End of year/2010 Stuff
- An online journalist’s 10 resolutions for 2010 - A lot of good advice here for online journalists, beat writers and web developers alike.
- Ten things every journalist should know in 2010 – Great tips for the skills and basic understandings of the business journalists should learn or consider in 2010.
- The Gawker Decade: How Gawker Media Defined The 2000s – A thoughtful look at Gawker’s success and how it has changed journalism – mostly for the worse.

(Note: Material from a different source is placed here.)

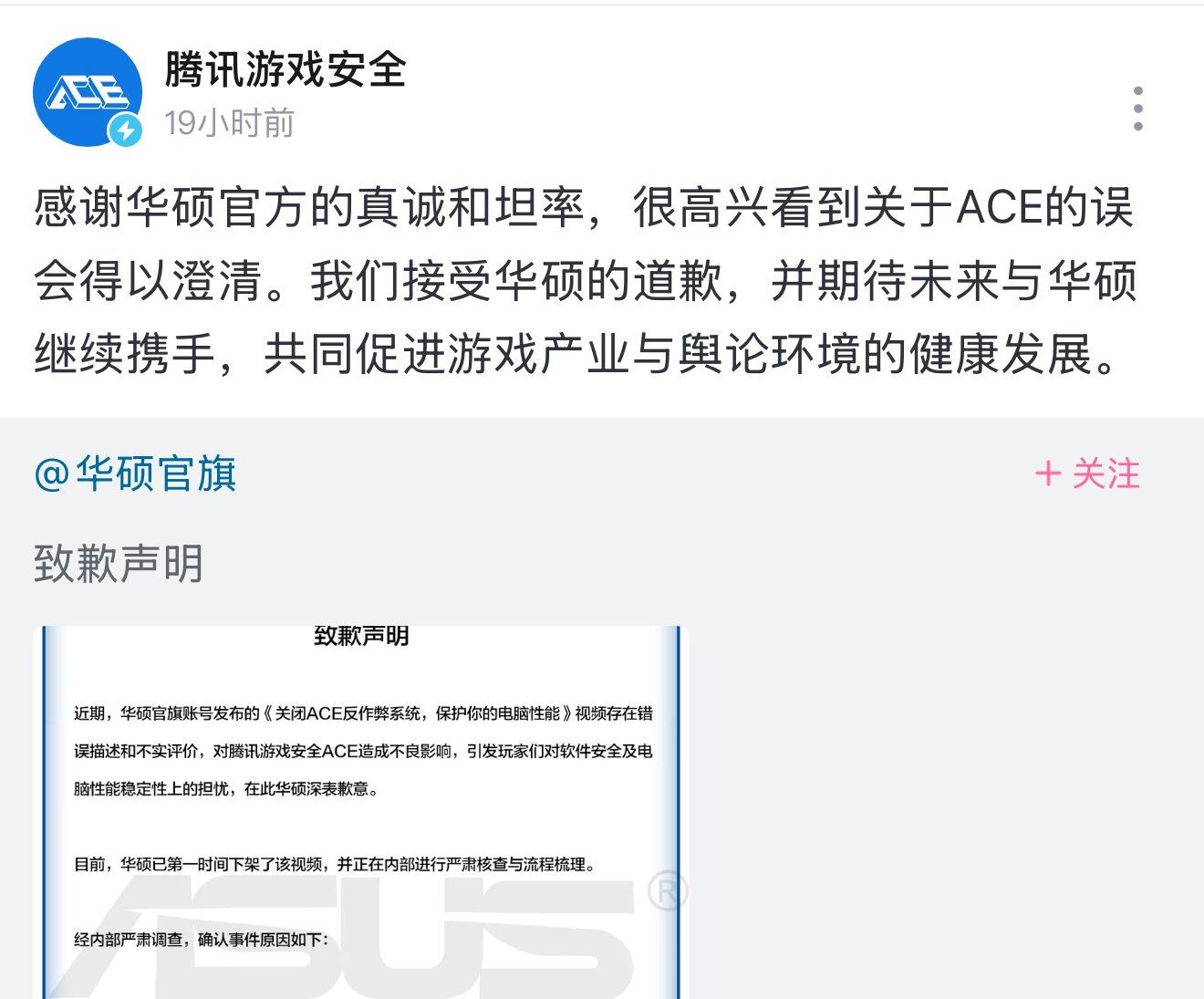 在华硕发布上述声明后,腾讯游戏安全随即转发并回应:“感谢华硕官方的真诚和坦率,很高兴看到关于ACE的误会得以澄清。我们接受华硕的道歉,并期待未来与华硕继续携手,共同促进游戏产业与舆论环境的健康发展。”

Gawker and its properties have forced media to evolve, which is great, but at what cost to the overall business?
The Twitter
- Why Twitter Will Endure – David Carr explains the inherent usefulness of Twitter – and how because of its utility, he believes it will outlast its competitors once the novelty wears off.
- The Use of Twitter by America’s Newspapers – A detailed analysis with lots of data on how newspapers use Twitter. While I’m still unclear as to how they determine a paper’s overall rank (does it evaluate all the paper’s accounts?), it is interesting to see which paper’s interact the most, as opposed to blasting out updates all of the time.